I have three stories to pass on that have been in the news in recent days, all concerning religious idiocy. The first is stupid, but easily passed over. The second is reckless, not to say potentially disastrous, and the third is downright disgraceful, and unforgivable.
The head of the Roman Catholic Church in England and Wales, Archbishop Vincent Nichols, has criticised Facebook and MySpace as being harmful. He is very uneasy about the communication they enable and the friendships that are formed through it. There is here an element of despising something one does not understand, but it’s not forget how the church has always been opposed to the free traffic of thoughts and ideas. A tight control on what people could read, how they could think, and therefore what they would believe, was essential to the continued flourishing of the church and through it the control of the people.
I have always believed that clergymen should say what they have to say in church, on Sundays, and for the rest of the time just shut up. This sort of thing does nothing to convince me otherwise. The Archbishop says that friendships formed online are “not rounded” whatever that means. Online friendships can be just as strong as face-to-face friendships. How can it be wrong for a person to have friends from around the world? I know that in all probability I will never meet most of my online friends in the flesh (which is a shame because I think some of you are utterly lovely and wonderful) but that does not devalue those friendships in any way. And since religion requires one to communicate with an imaginary friend, I’d have thought that communicating with online friends by computer was immeasurably more rounded by comparison.
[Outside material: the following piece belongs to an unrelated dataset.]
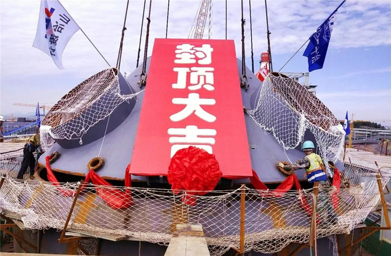 2020年8月25日,由山冶設(shè)計(jì)總承包的山鋼股份萊蕪分公司1#3800m3高爐工程舉行爐殼封頂儀式。山鋼股份萊蕪分公司新舊動(dòng)能轉(zhuǎn)換項(xiàng)目工程指揮部副總指揮李綱、副經(jīng)理田慶元,煉鐵廠經(jīng)理、高爐工程項(xiàng)目經(jīng)理部經(jīng)理張明,新舊動(dòng)能轉(zhuǎn)換項(xiàng)目工程指揮部高爐工程項(xiàng)目經(jīng)理部常務(wù)副經(jīng)理賈友劍及施工、監(jiān)理等相關(guān)單位領(lǐng)導(dǎo)出席了儀式,山東省冶金設(shè)計(jì)院股份有限公司黨委書記谷卓奇代表總承包單位發(fā)表講話。
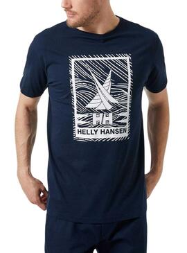 Camiseta Helly Hansen. Modelo Shoreline. Cor azul marinho. Gola redonda. Estampa gráfica no peito. Manga curta. Regular fit.

Ignorance and lack of information breed superstition and an environment in which religion can thrive. In one part of India, it seems, people believe that they can protect their babies from harm and ensure their future health and prosperity, by dropping them from the roof of a mosque 50 (yes, fifty) feet high, to have them caught in a bed sheet. This annual ritual has been going on for at least seven centuries. Ok, we can understand why people may have believed that in the year 1300, but today? How indoctrinated by religion can a person be to be able to believe this drivel nowadays.
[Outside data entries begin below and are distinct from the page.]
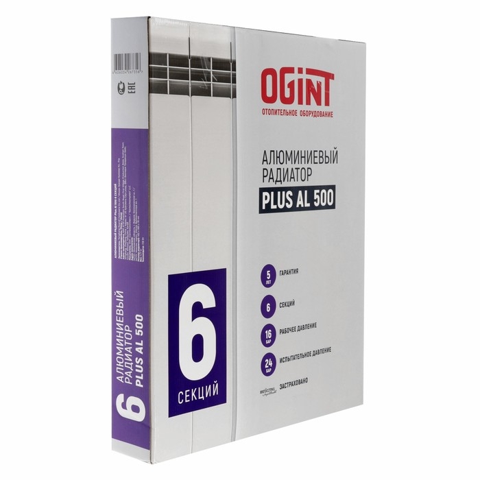 Радиатор алюминиевый Ogint Plus AL, 500 х 78 мм, 6 секций, 738 Вт
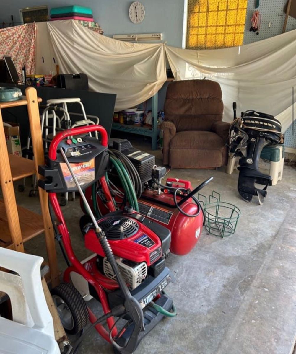 POWER WASHER. MERCURY BOAT MOTOR. AIR TANK. FABRIC RECLINER. SMALL SHELVES. HEATERS.
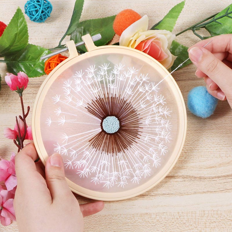 Full Range of Embroidery Starter Kit with Pattern, Kissbuty Cross Stitch Kit Including Clear Organza Stamped Embroidery Fabric with Pattern,Plastic Embroidery Hoop,Color Threads, Tools(Dandelion)

And from exotic India to not quite as exotic Wisconsin, where something truly disgraceful happened. An eleven year old girl, suffering from undiagnosed diabetes fell ill and her parents decided that she didn’t need a doctor, didn’t need to go to hospital. No, what she really needed was to have them pray for her to get better. So they did. And as these two morons sat there wishing their little girl would recover, because that is what praying is, the poor girl died. According to medical evidence, she would have responded to treatment had she received it. But she didn’t. Her parents were too busy asking their imaginary friend to help them. As her condition worsened, they did make a phone call – to the owner of a religious website, who prayed with the down the phone, but that did no good either. Now the parents have been found guilty of second degree homicide and face a long term of imprisonment when they are sentenced in the autumn. I hope they get it.